The winter marsh

Back on the actual path that loops around the sanctuary, I was struck by the desolate beauty of the scene. A swath of clear ice formed its own graceful meanders in the stark white expanse of snow crust. Reflections of blue sky in this ice mirror were crossed here and there by the slender shadows of trees. In the distance a northern harrier came into view, flapping its long wings once and silently gliding, like a gray ghost, out of sight.

Where the trail turned right, the channel’s course straightened, running parallel to the course of the Wallkill River proper off to the west. Here I found many strange and fanciful ice formations, including one that resembled a gaping mouth, with an ice “jaw” heaved up from the ground and icicles for teeth. Another looked like an ice cave, whose mouth, big enough for a small child to enter, was ringed by the stems of saplings. I envisioned entering this cave and descending into an underworld of frost, with ice palaces and “frost beings” like those in Nordic mythologies. The cold might have dulled my wits, but it quickened my imagination!
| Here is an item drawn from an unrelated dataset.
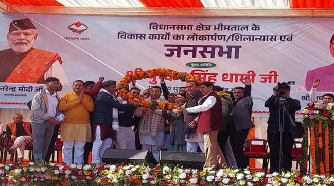 भीमताल – मुख्यमंत्री पुष्कर सिंह धामी शुक्रवार को धारी ब्लॉक स्थित हिमगिरी स्टेडियम लेटीबुंगा पहुंचे। इस अवसर पर उन्होंने नैनीताल जिले की 112.34 करोड़ रुपये की 17 विकास योजनाओं का लोकार्पण और शिलान्यास किया। मुख्यमंत्री ने 70.73 करोड़ रुपये की 8 योजनाओं का लोकार्पण किया। इसमें प्रमुख परियोजनाओं में शामिल हैं:

I stopped on the wooden footbridge near the sanctuary entrance to listen to the chortling of red-winged blackbirds, the same sound that greeted me at the start of my walk. Their ringing “chonga — reeee” is for me the most reliable harbinger of the coming spring. Though I also heard the cardinal’s “birdie birdie birdie,” and the Carolina wren’s “tea kettle tea kettle tea kettle,” I place more trust in the red-winged blackbird’s pronouncements. Snow and ice may still cover the landscape, he tells us, but a new season is just around the meander.